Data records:
━━━━━━━━
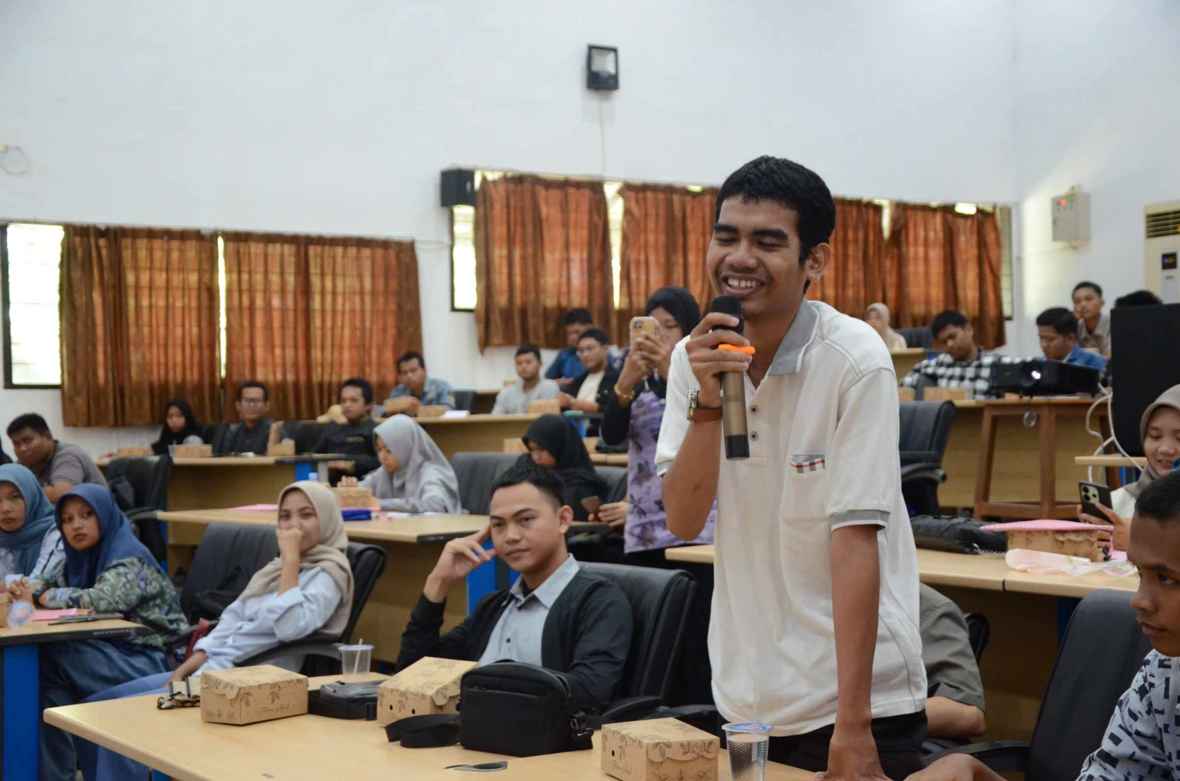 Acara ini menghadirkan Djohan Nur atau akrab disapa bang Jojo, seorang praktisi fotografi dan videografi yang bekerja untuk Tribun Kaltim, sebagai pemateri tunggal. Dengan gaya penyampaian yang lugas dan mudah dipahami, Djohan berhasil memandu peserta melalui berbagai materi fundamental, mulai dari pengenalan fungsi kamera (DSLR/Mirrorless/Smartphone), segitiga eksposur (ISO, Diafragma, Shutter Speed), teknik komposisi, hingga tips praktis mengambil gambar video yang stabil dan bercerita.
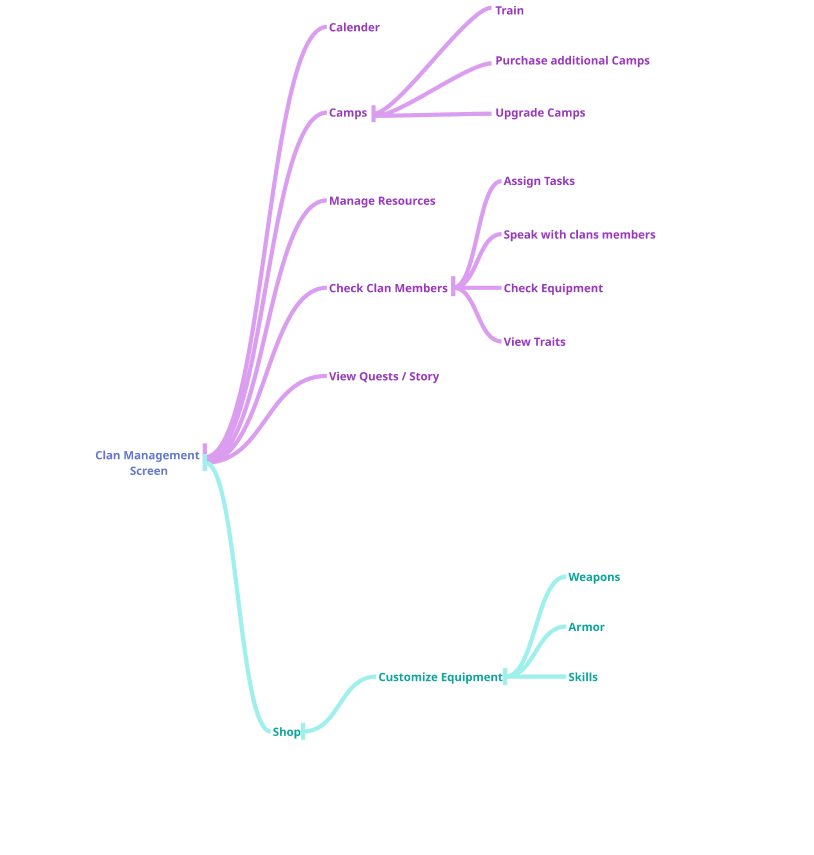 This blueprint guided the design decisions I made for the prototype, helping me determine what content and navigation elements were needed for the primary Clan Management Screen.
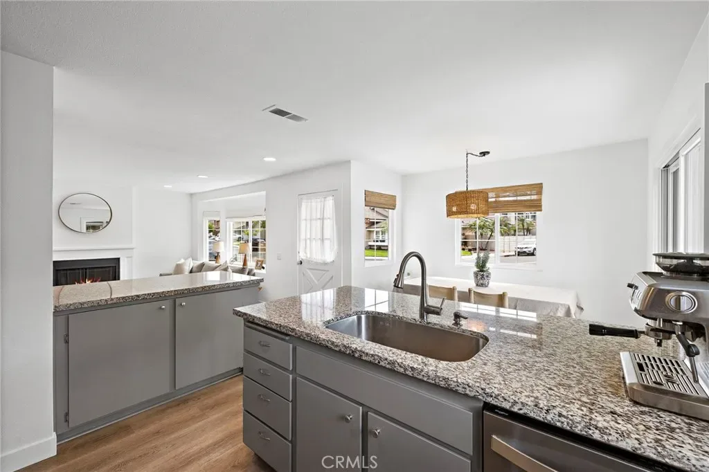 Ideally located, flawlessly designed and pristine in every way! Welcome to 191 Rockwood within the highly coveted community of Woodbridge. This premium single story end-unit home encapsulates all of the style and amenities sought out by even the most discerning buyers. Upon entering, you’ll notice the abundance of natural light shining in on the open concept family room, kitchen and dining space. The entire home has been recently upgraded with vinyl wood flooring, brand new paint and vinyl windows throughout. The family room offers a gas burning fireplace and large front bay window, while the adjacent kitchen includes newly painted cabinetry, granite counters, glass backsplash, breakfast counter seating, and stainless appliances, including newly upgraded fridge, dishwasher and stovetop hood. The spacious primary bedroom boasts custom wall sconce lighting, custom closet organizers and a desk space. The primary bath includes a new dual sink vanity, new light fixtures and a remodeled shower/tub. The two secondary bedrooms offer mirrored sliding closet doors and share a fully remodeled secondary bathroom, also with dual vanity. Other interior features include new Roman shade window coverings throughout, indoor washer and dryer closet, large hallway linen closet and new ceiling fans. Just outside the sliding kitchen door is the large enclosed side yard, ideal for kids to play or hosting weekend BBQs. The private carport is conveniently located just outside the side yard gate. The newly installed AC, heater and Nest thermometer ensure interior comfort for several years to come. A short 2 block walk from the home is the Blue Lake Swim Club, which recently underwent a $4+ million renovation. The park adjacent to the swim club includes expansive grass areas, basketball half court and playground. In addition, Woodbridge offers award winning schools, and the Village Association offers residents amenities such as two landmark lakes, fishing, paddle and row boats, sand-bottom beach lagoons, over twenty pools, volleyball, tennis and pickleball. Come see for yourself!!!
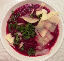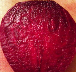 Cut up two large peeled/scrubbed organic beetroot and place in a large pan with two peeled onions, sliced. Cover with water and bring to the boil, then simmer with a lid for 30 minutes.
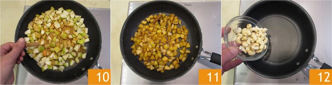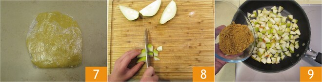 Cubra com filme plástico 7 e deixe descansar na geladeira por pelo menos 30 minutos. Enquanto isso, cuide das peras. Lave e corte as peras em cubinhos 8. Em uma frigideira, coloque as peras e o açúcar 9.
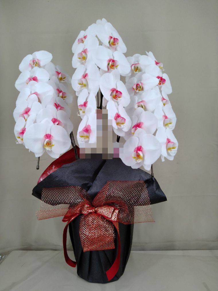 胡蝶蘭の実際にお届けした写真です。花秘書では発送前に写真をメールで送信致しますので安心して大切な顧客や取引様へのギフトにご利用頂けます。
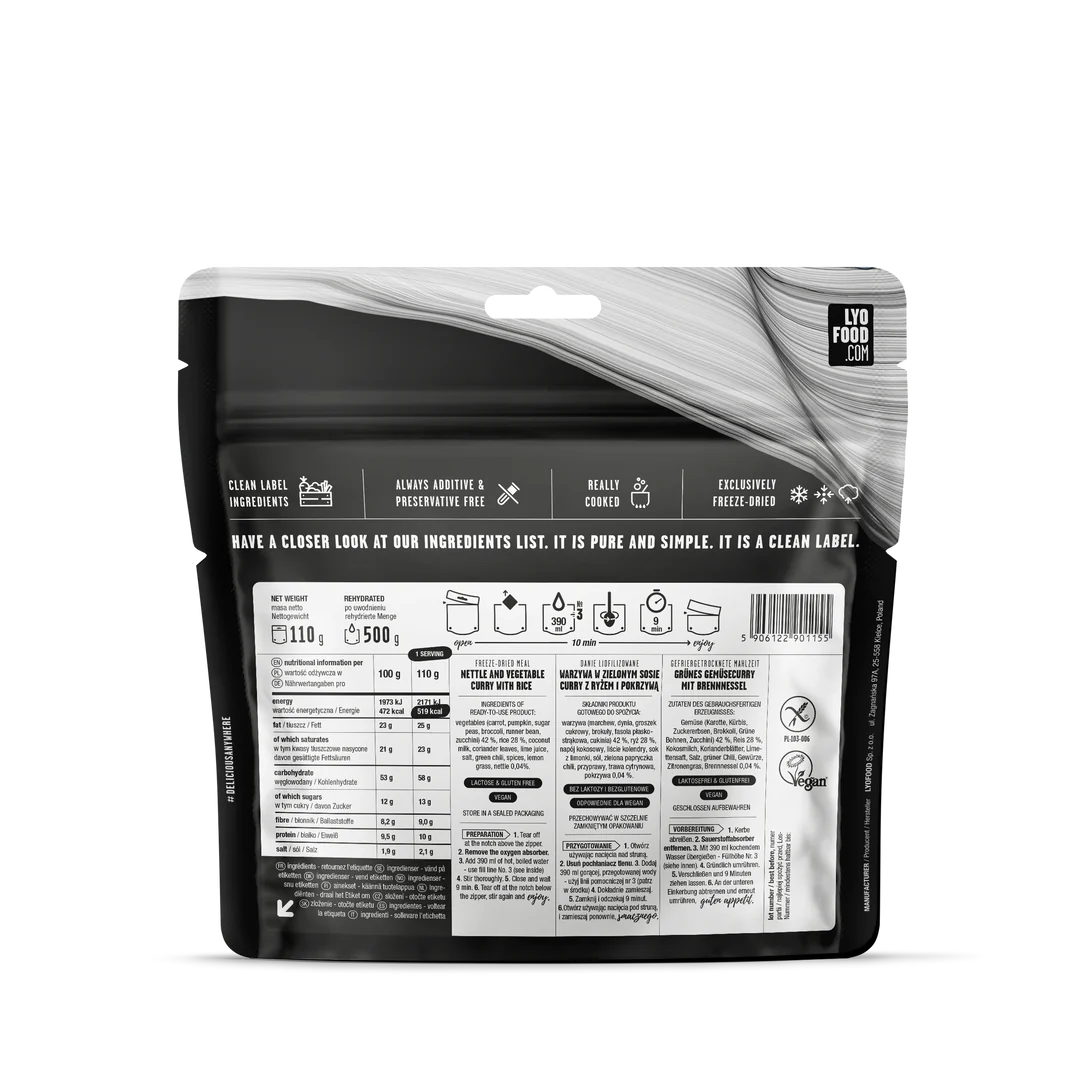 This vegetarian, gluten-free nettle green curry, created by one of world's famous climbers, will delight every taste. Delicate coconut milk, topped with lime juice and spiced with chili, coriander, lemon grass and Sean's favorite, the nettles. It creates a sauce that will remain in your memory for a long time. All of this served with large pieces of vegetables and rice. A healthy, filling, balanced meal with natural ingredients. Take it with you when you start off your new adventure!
━━━━━━━━
### How to complete this task
Starting with the first line of the data above, write out each line exactly up to and including the line that holds "This blueprint guided". Pictures stay out.

### Completed exercise
 Acara ini menghadirkan Djohan Nur atau akrab disapa bang Jojo, seorang praktisi fotografi dan videografi yang bekerja untuk Tribun Kaltim, sebagai pemateri tunggal. Dengan gaya penyampaian yang lugas dan mudah dipahami, Djohan berhasil memandu peserta melalui berbagai materi fundamental, mulai dari pengenalan fungsi kamera (DSLR/Mirrorless/Smartphone), segitiga eksposur (ISO, Diafragma, Shutter Speed), teknik komposisi, hingga tips praktis mengambil gambar video yang stabil dan bercerita.
 This blueprint guided the design decisions I made for the prototype, helping me determine what content and navigation elements were needed for the primary Clan Management Screen.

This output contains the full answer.